Mandekor Djimadoun du Département des affaires économique à la Commission de l'UA, a salué "ce pas important" qui va accélérer le processus d'intégration africaine et surtout la concrétisation d'un certain nombre de projets qui tardaient à voir le jour, affirmant qu'il s'agit d'une étape décisive vers la formation du gouvernement fédéral africain qui signifie davantage d'intégration et de complémentarité entre pays africains.

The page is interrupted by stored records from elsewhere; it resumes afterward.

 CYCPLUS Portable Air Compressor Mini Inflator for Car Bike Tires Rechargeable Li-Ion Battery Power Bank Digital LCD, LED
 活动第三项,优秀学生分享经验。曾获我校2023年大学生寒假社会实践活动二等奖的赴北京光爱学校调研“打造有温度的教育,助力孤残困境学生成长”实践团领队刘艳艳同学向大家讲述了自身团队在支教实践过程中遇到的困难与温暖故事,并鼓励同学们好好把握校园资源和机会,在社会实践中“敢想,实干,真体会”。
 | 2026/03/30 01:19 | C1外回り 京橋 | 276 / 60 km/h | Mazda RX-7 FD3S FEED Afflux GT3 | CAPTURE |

Il a salué aussi le consensus autour de l'Autorité qui l'a dotera d'une plus grande légitimité et d'une force plus contraignante des décisions qu'elle prendra, affirmant que cela témoigne de la prise de conscience des chefs d'Etat et de gouvernement africains de la nécessité de s'unir pour doter le continent d'un instrument lui permettant de recouvrer sa place sur l'échiquier mondial.
De son côté, le journaliste tchadien Zoutane Daba Martin a loué cette décision «historique» qu'il a qualifié de grand pas vers les Etats unis d'Afrique et affirmé que cette décision servira de motif d'encouragement pour les dirigeants africain afin d'aller de l'avant vers davantage d'intégration.

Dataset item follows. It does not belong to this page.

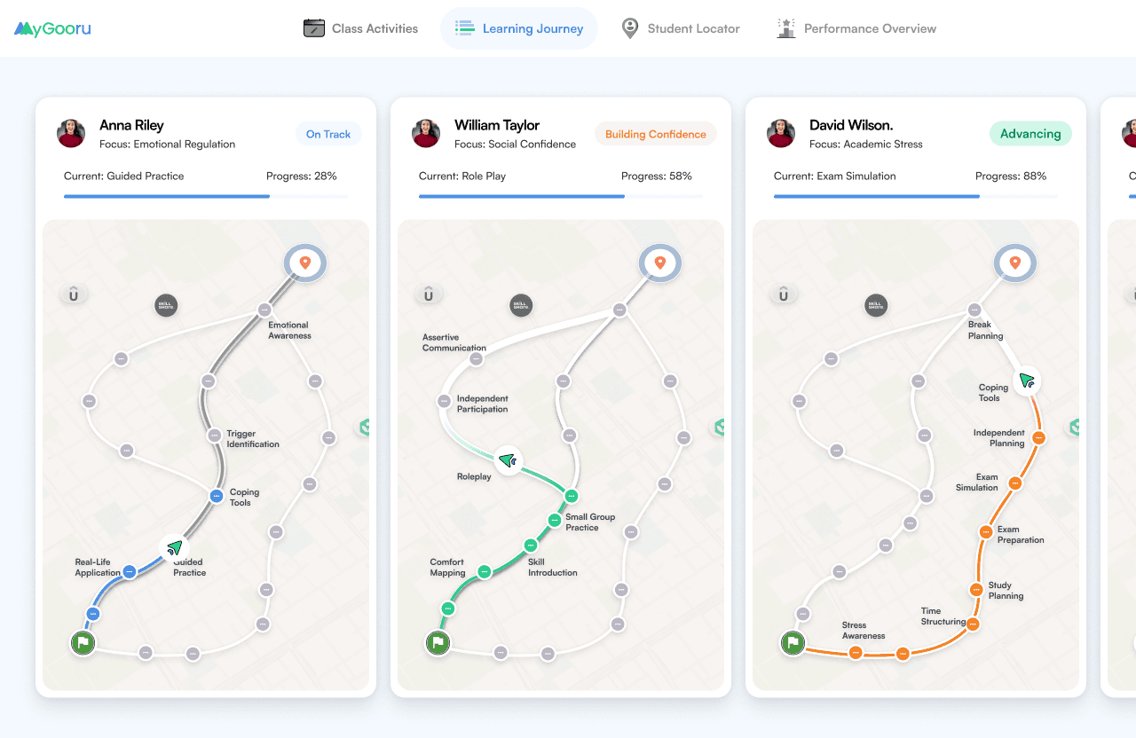 MAP builds beliefs about each student across emotional knowledge, mindset dispositions, personal interests, coping abilities, and support systems. For the socially anxious 6th-grader, MAP senses avoidance patterns and low self-efficacy through journaling responses and interaction data. It generates a pathway that starts with safe, private reflection exercises, builds toward guided social scenarios, and coordinates with the student’s teacher to create low-pressure classroom participation moments. For the 8th-grader navigating family stress, MAP recognizes strong social skills but declining academic engagement, and routes toward stress management and help-seeking strategies—with a nudge to the school counselor when warning signs emerge. Every student’s journey is different because every student’s emotional landscape is different.

Il a précisé que ce nouvel instrument permettra à l'Afrique d'agir pour contrer les influences occidentales sur le plan économique et politique et constitue la première pierre vers la création d'un grand bloc unique pour faire du continent un acteur actif dans ce monde et non pas un spectateur qui subit.
Quant au ministre des Maliens de l'extérieur et de l'Intégration africaine, Badara Macalou, il s'est félicité de la création de la nouvelle Autorité de l'Union qui traduit la volonté des dirigeants africains de promouvoir la complémentarité entre leurs pays afin de mieux exploiter les énormes ressources naturelles dont regorge le continent au profit de ses populations.

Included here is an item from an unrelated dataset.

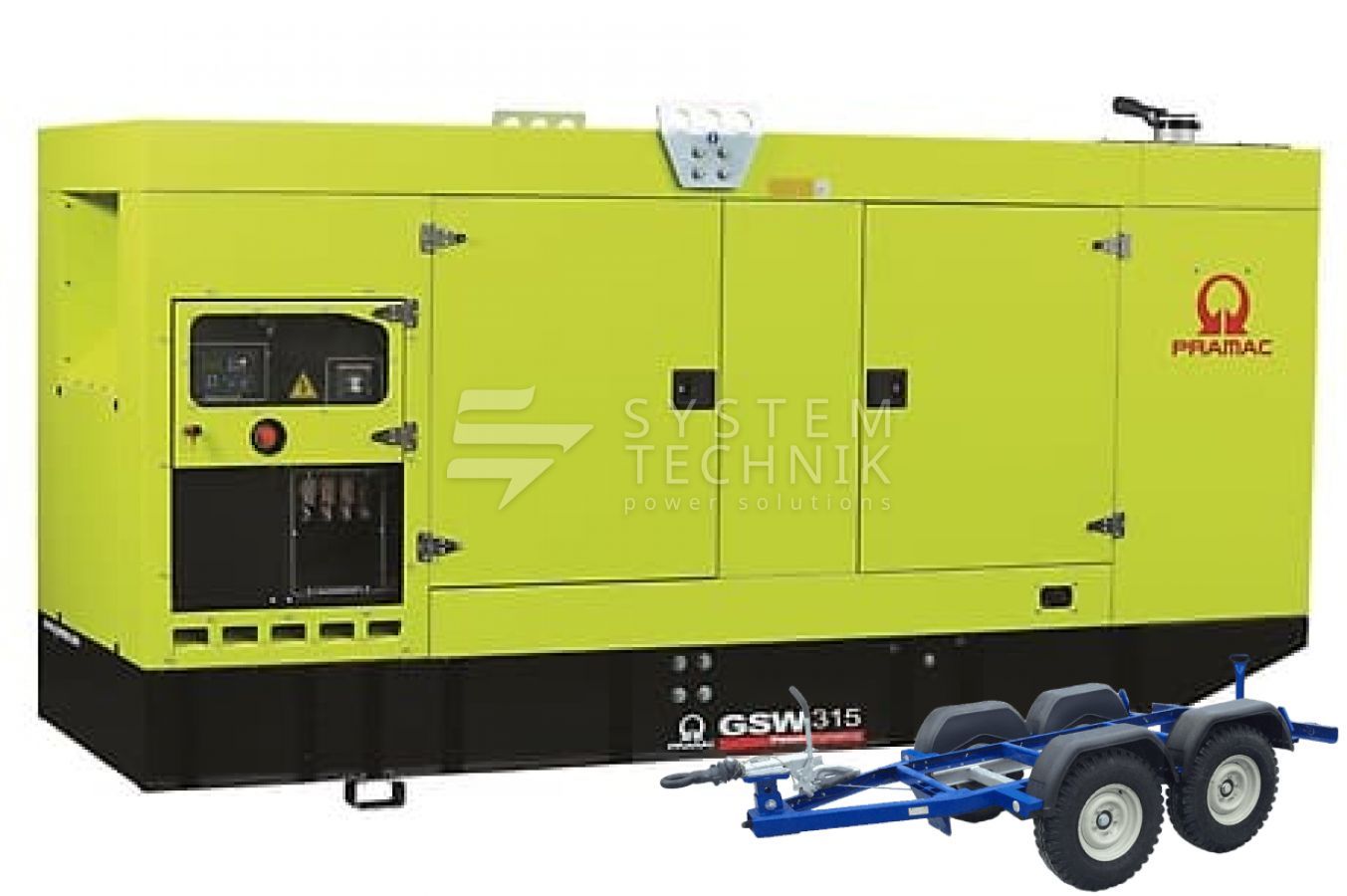 - Дизельный генератор Pramac GSW 315 P 380V В кожухе на прицепе

Pour le journalise congolais Pierre-Ange Félixe, la transformation de la Commission en une autorité est un motif de satisfaction et de fierté des africains dans un monde globalisant où seuls les grands ensembles émergents et arrivent à atteindre les objectifs qu'ils se sont fixés et salué le guide Kadhafi dont l'accession à la présidence de l'UA a insufflé un nouveau rythme à l'UA et lui a permis d'évoluer vers davantage d'intégration entre pays membres sur la voie de la création d'une monnaie unique, d'une seule identité, d'un seul passeport et de l'élimination des barrières et la suppression des frontières entre les pays africains.
Pour le ministre tchadien des Affaires étrangères, Moussa Faki Mahamat, le passage de la Commission à l'Autorité avec notamment la mise en place de secrétariats chargés de la coordination et de la mise en œuvre de la politique extérieure du continent, de la coordination de la Défense commune de l'Afrique et de la coordination en matière de commerce et de coopération internationale? sont des pas très positifs et qui nous permettront d'avancer dans le domaine de l'intégration économique, politique et sociale du continent.